The news in South Africa last week has read like a macabre sequel to Alan Paton’s haunting novel Cry, the Beloved Country. Paton, in 1948, portrayed a disturbing dystopia of incipient segregation between Whites and Blacks in South Africa that would burgeon into the institutionalised racism of Apartheid.
What is unfolding today is the beating, robbing, and execution of immigrants from other African countries.
The news headlines call it xenophobia. That is a misnomer. Xenopobia, which connotes a benign fear of diversity, is defined as “the dislike of, or prejudice against, foreigners.” It’s a sub-category of racism because it is hatred by some (albeit a minority) of Black South African citizens of Black foreigners.
But what is happening in Johannesburg and Durban should more accurately be called xenocide.

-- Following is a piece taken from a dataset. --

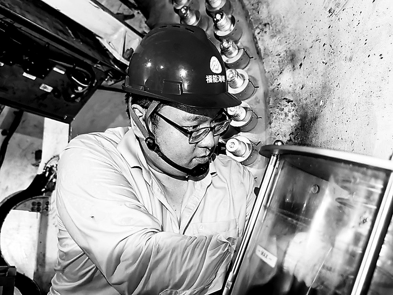 轮毂内部管线交错、设备密布,加上炎热高温的环境,对检修员的专注度和耐心提出了极高要求。狭小的空间内,检修员只能半蹲或侧身作业,连拧动润滑油缸螺栓都需一手撑住舱壁借力,一手精准控制工具角度,看似基础的拆装,每一步都要在高温炙烤下保持手眼协调,稍不留神就可能碰损周边部件,必须时刻保持小心谨慎。

The terror began when the Zulu King Goodwill Zwelithini (don’t you love eponymous irony?) shifted the blame for South Africa’s unemployment epidemic squarely onto the vulnerable shoulders of immigrants from Ethiopia, Malawi, Zimbabwe, and other African neighbors, whose fruit stands and barber shops supposedly keep citizens out of work. Some of the most economically desperate of his subjects responded with primeval gusto by ransacking, burning, and looting foreign-owned stores and homes…again. Yes, this obloquy of foreigners is an echo of 2008. Last time things fell apart badly, spawning heinous persecution like the burning of Ernesto Alfabeto Nhamuave (pictured below).
This time riot police managed to evacuate thousands of people into makeshift refugee camps in sports stadiums. There have been several fatalities, but King Goodwill has backpedalled enough to curb the enthusiasm of his constituency. (One spokesman clarified that the king had meant to say “illegal immigrants”).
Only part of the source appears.